Nick scooted down the couch a bit. “Victoria did, yeah.”
“Seems you were something of a tramp in your former life, Nicholas. How does that make you feel?”
Nick leaned forward and shut off the metronome—it’s clacking was suddenly driving him crazy. “That’s a strange question, doc. I better go. I’ve got things to do.”
Beadys put down his ledger. “You’re off to play detective with the obsessive Mr. Murphy.”
“Look, doc. I do think these sessions are helping. I’m getting closer to the trauma. But I’m going to get there my way, which means it’s not only about regression.”
“Nicholas, that is precisely my point. You still haven’t seen Victoria’s murder, which, in case it has escaped you, you must experience through her eyes. It’s going to be more than painful. You’ll be reliving the very trauma that brought us together in the first place. Your excursions and diversions from getting to the heart of this trauma are a common coping tactic. You’re probably not even aware you’re doing it. You’re externalizing the search when you need to focus ever more inward. Trust me. I’ve done this a thousand times. Your avoidance is likely to cause you more harm when you’re finally staring down the barrel of the gun that killed you.”
Even if Beadys was right, the problem was that anything Nick saw in regression wasn’t going to change the official account of Victoria’s death— who would believe a new account of her death based on a hypnotherapy session? He had to stick it out with Murphy, whom he frankly trusted more than Dr. Beadys.

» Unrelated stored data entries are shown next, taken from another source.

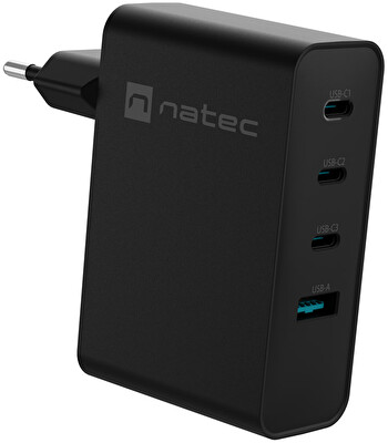 Univerzální USB nabíječka Natec GaN 100W, 3X USB-C, 1X USB-A, Černá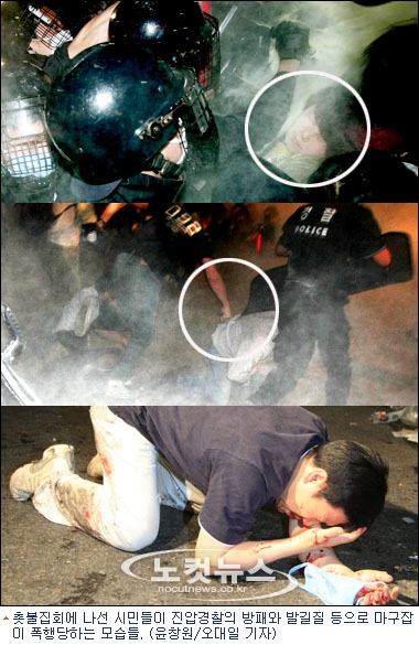여기다 2일 새벽 1시쯤 서울 세종로 사거리에서 경찰과 시위대의 대치상황을 취재하던 KBS 영상취재팀 신모 기자가 전경이 휘두른 폭력에 왼쪽 눈 실핏줄이 터지고 눈 주위가 시퍼렇게 멍드는 전치 2주의 상처를 입었다.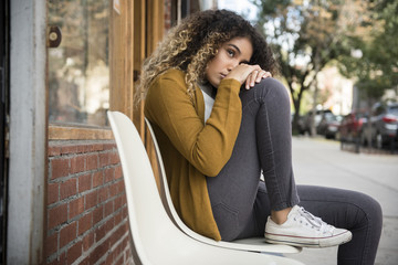Pensive Mixed Race woman sitting on chair in city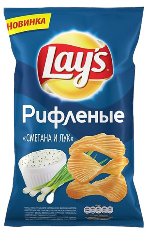 Կարտոֆիլի չիպսեր՝ թթվասերի և սոխի համով, ալիքաձև: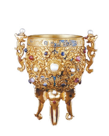 制作于乾隆六十二年(1797年)的金瓯永固杯,其工序之繁、艺技之精、动用人工之广,在中国造宝历史上名列前茅。也正因为此,它堪称清代镇国之宝。其寓意疆土坚固与基业长青,恰似无论怎样沧桑变幻,中华文明永葆蓬勃生机。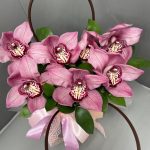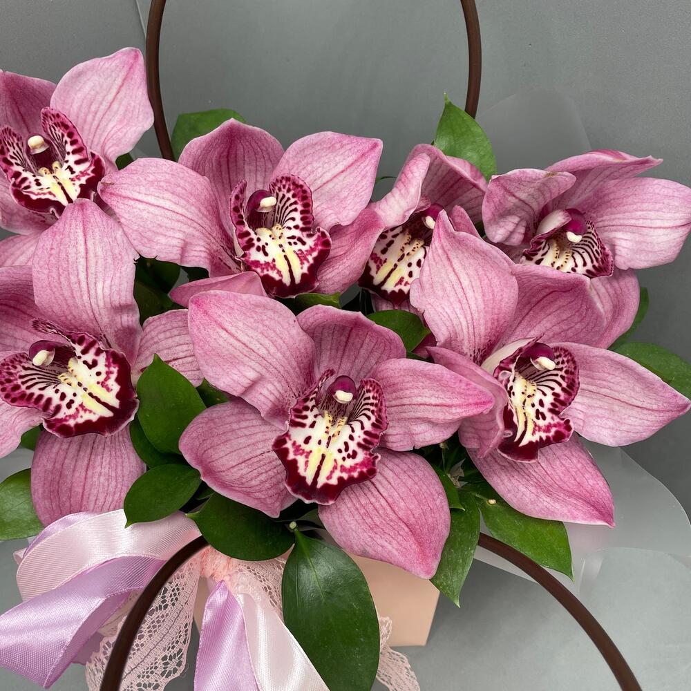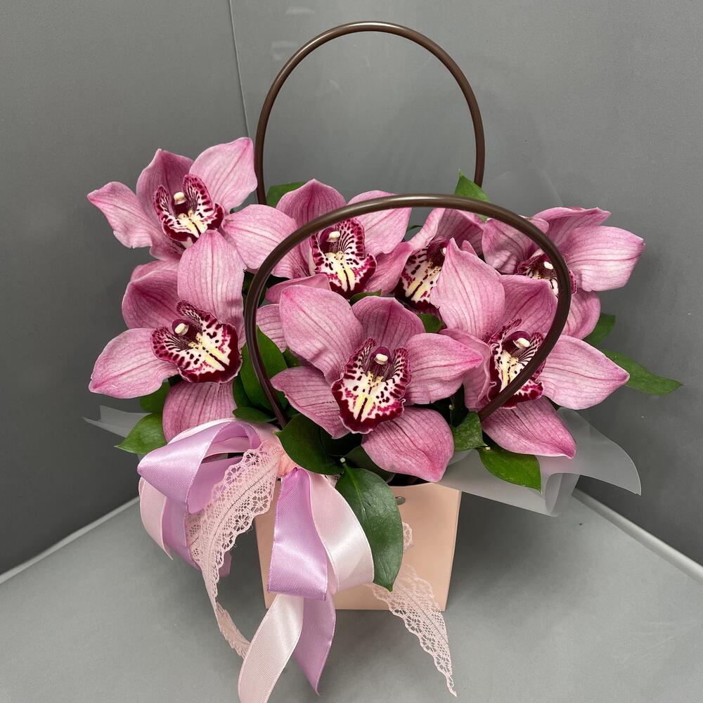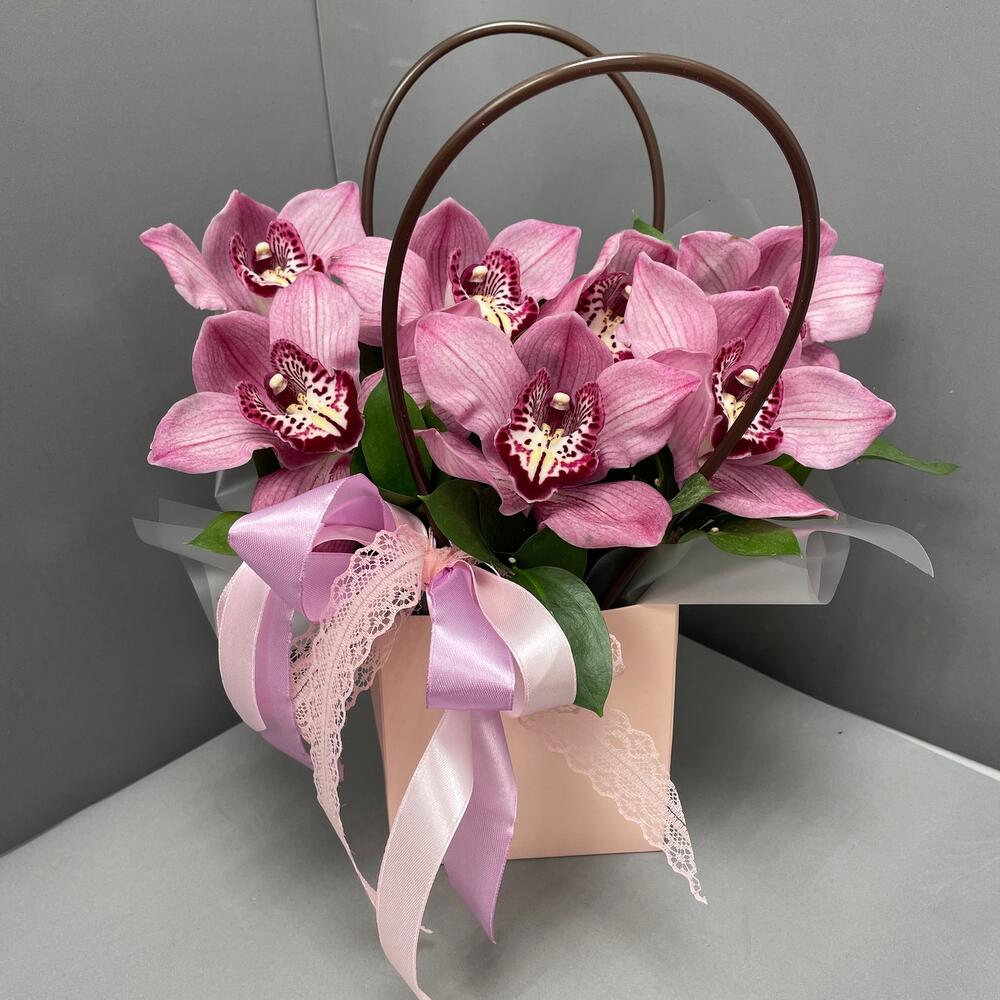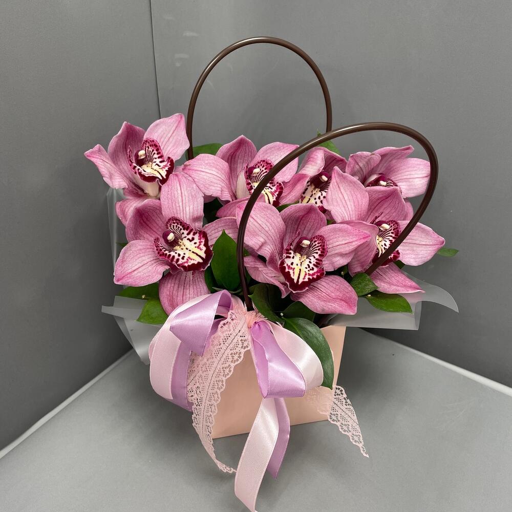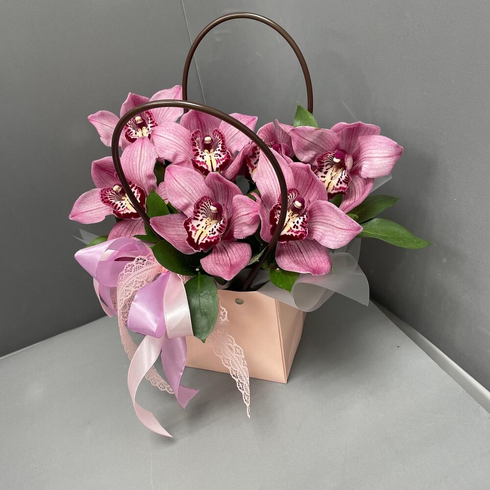 Орхидеи – 7 шт.Рускус – 3 шт.Сумочка – 1 шт.Оазис флористический – 1 шт.Оформление лента – 2 шт.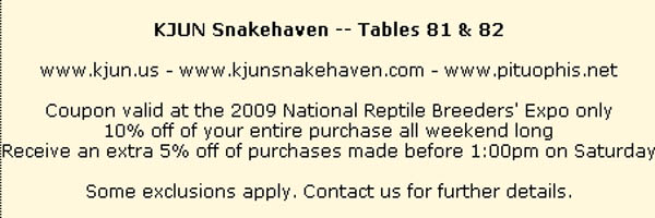 Get your free valuable coupon for the 2009 national Reptile Breeders' Expo in Daytona Beach, Florida just by printing out the below image...or visiting http://kjun.us/coupon.jpg. This coupon is only valid on new orders on the day of the show! Email us for more information, and we'll see you there.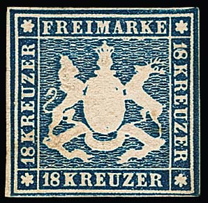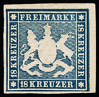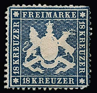 18 Kr. blau, ungebrauchtes Prachtstück, vollrandig geschnitten und in tiefer Farbe mit noch teilweise erhaltenem Originalgummi (dieser ganz leichte Patina im Wappenbereich). Eine seltene Marke in ungebr. Erhaltung, Fotoattest Heinrich. Mi. 4000,-

“I’ll be back,” he said, and stood up.
Beadys stood, too. “We are close, Nicholas. We should continue while these images are fresh. You’ve just been with the man accused of killing you in your former life.”
“Not today, doc. But like I said, I’ll be back.”

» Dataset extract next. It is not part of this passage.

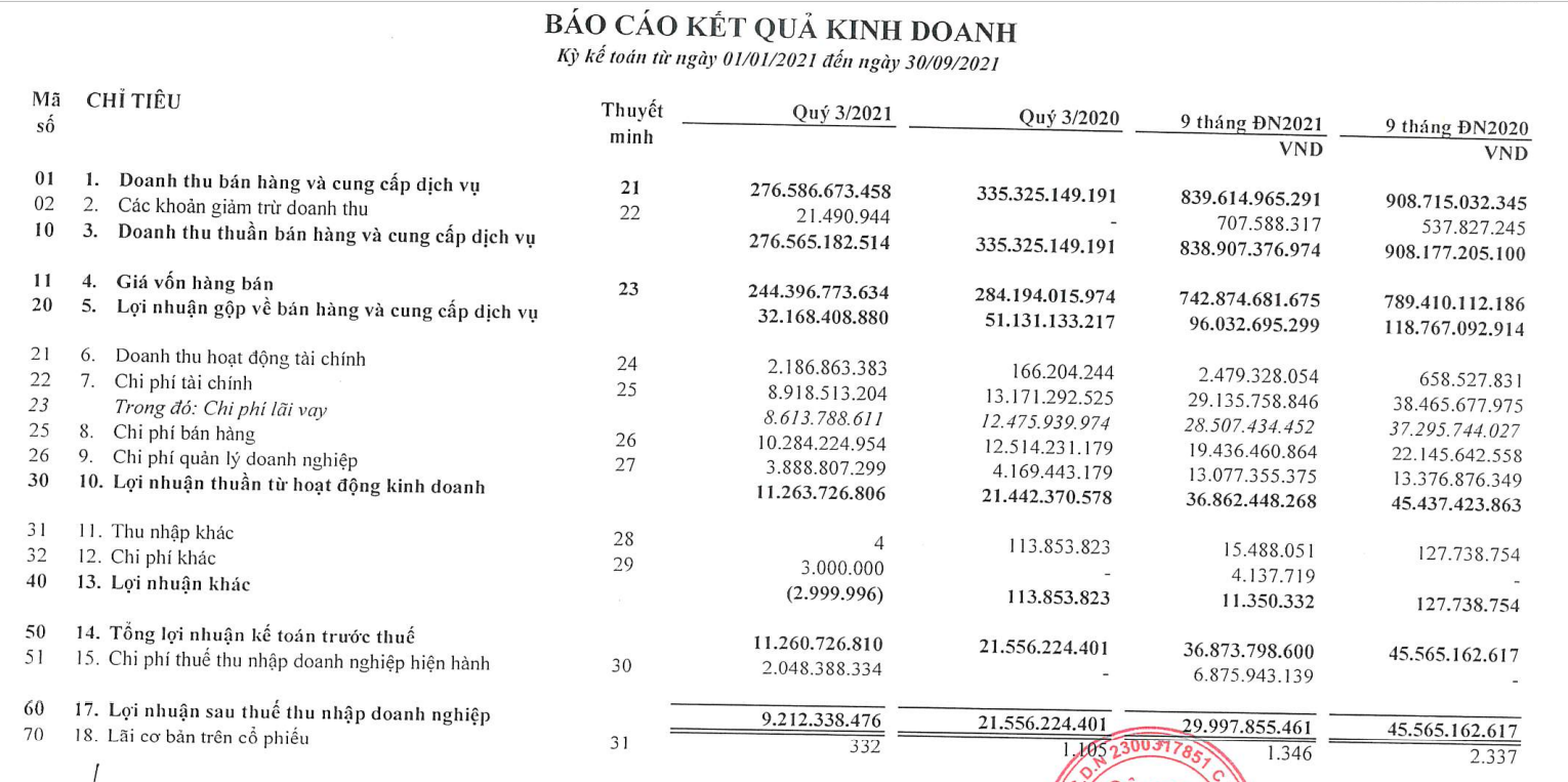 Trong khi đó, các chi phí đồng loạt giảm như chi phí tài chính giảm 32% chỉ còn 8,9 tỷ đồng, chi phí bán hàng cũng giảm 18% và chi phí quản lý doanh nghiệp giảm về mức 3,8 tỷ đồng.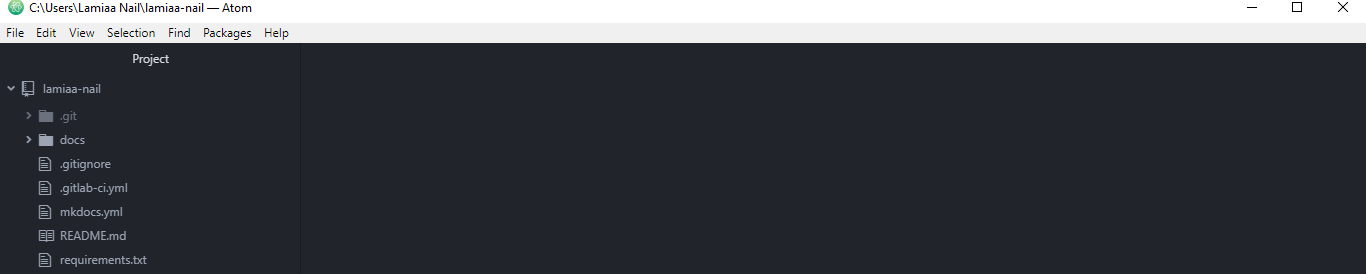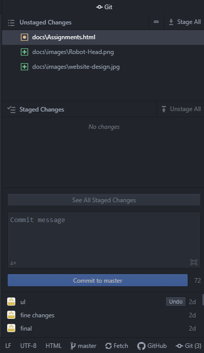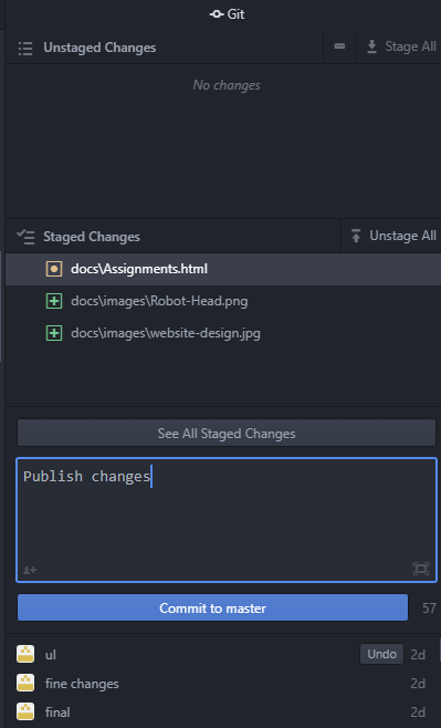 To publish my website or reflect any changes I do locally, I first had to delete the Mkdocs template files from the docs folder. Then I moved my website files to the docs folder. All the edits that I did appear in Atom as unstaged changes.

“Tell me, Nicholas, why are you carrying a gun?”
Nick stopped. “How’d you know?”
“It’s plainly visible when your jacket flares open.” Beadys noted something in his ledger. “Not a wise choice for a man trying to reunite with his family.”
“Listen, doc. In the past week I’ve been shot at and nearly caught in an arsonist’s attempt to destroy records at the Metropolis Library. Now, maybe those are insane coincidences, but no one would bet that line in Vegas. So, for the time being, I’m going to protect myself. And from the looks of this place, you better do the same.”